### SUPPLIED ENTRIES

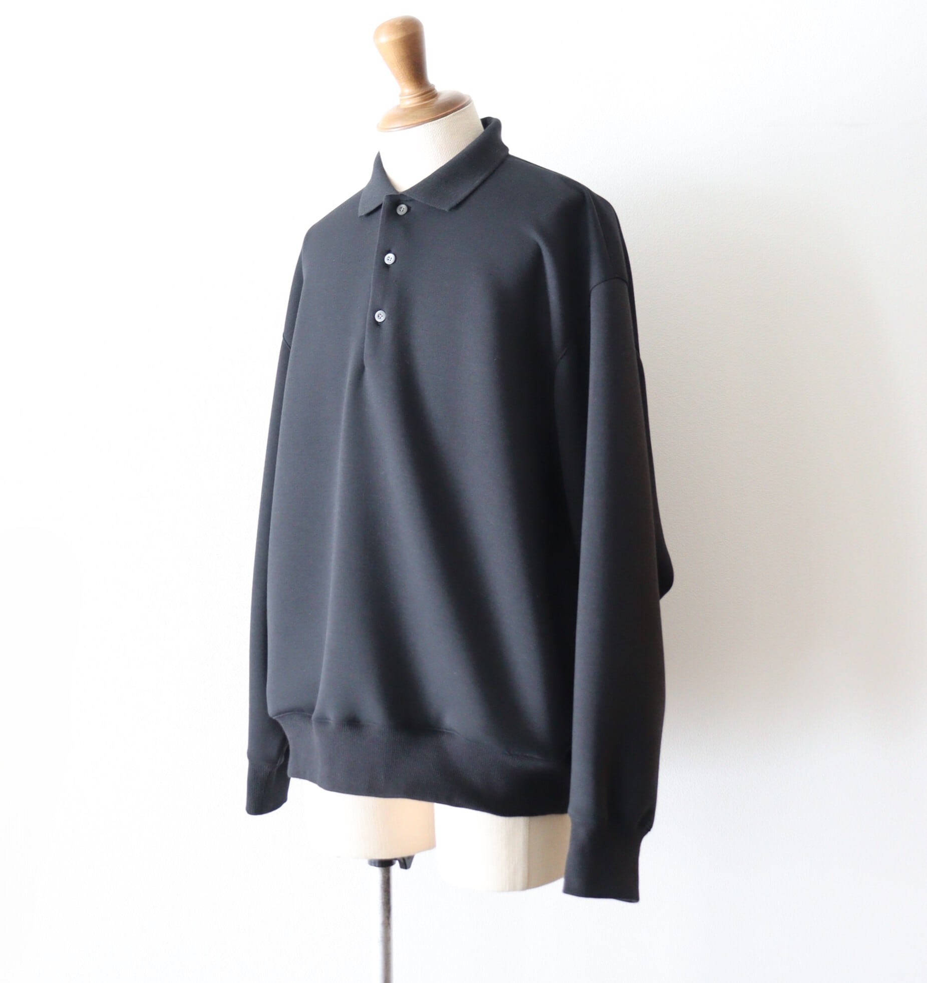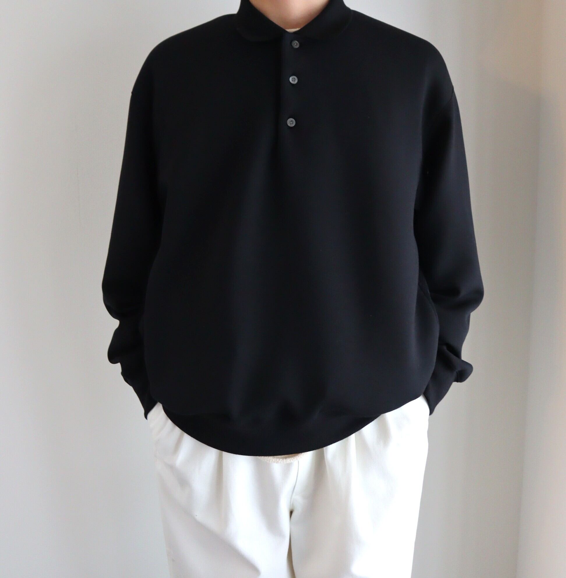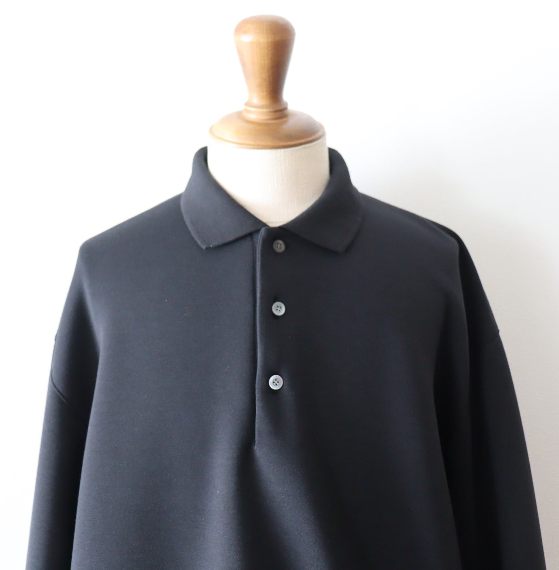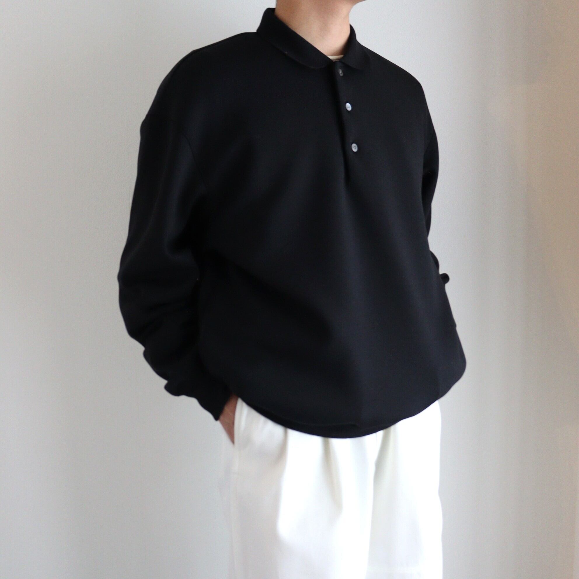 ニットとは違い、シルエットが綺麗に出ています。編み立てたポロ襟が、きちんと感を演出してくれます。柔らかく、軽く、膨らみがあり、雰囲気のある1着となっております。
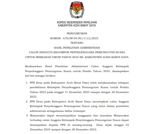 Pengumuman Hasil penelitian Administrasi Calon Anggota Kelompok Penyelenggara Pemungutan Suara (KPPS) untuk Pemilihan Umum Tahun 2024 Se-Kabupaten Aceh Barat Daya.
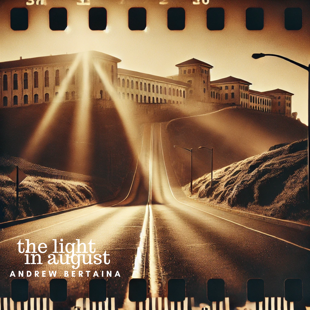 The light in August, she says, and suddenly, I notice it, the summer passing again, which has never fulfilled its promise, which is something summer and I have in common, I can hear my father saying to me from the front seat of the car where he’s driving across the bridge past San Quentin prison, which he always used to tell me I’d wind up in someday, and I don’t miss then, the summers of my childhood much either, if I think of it enough. But I can’t help but remember the clean light of mid-July, swallows darting through the trees, lifting a small fence board we’d lifted from an old patch of ivy, showing the kids how to swing just like Will Clark, turning my left shoulder until it was nested up against my chin, then smashing the tennis ball in a long arc, way out over the trees and over the swallows, and into the fields beyond, which were empty then in that summer I sometimes still yearn for, or really, just that moment, the tennis ball soaring through the clean light, mid-summer, all of life ahead of me.
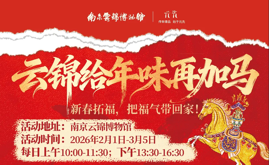 当天还可在馆内参与“新春拓福”活动,拓印源自国宝级云锦的“福”字:六则《马上有福》摆件与二则《华羽迎福》镜框。
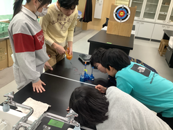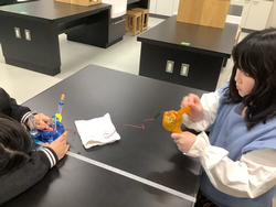 理科クラブでは、水素ロケットを発射させて、的に当てる活動をしました。

######

§ REQUIRED ACTION
Extract only the lines from the line containing "The light in" through the final line of the records; keep both ends and drop every picture.

§ OUTPUT FOR THIS TASK
 The light in August, she says, and suddenly, I notice it, the summer passing again, which has never fulfilled its promise, which is something summer and I have in common, I can hear my father saying to me from the front seat of the car where he’s driving across the bridge past San Quentin prison, which he always used to tell me I’d wind up in someday, and I don’t miss then, the summers of my childhood much either, if I think of it enough. But I can’t help but remember the clean light of mid-July, swallows darting through the trees, lifting a small fence board we’d lifted from an old patch of ivy, showing the kids how to swing just like Will Clark, turning my left shoulder until it was nested up against my chin, then smashing the tennis ball in a long arc, way out over the trees and over the swallows, and into the fields beyond, which were empty then in that summer I sometimes still yearn for, or really, just that moment, the tennis ball soaring through the clean light, mid-summer, all of life ahead of me.
 当天还可在馆内参与“新春拓福”活动,拓印源自国宝级云锦的“福”字:六则《马上有福》摆件与二则《华羽迎福》镜框。
 理科クラブでは、水素ロケットを発射させて、的に当てる活動をしました。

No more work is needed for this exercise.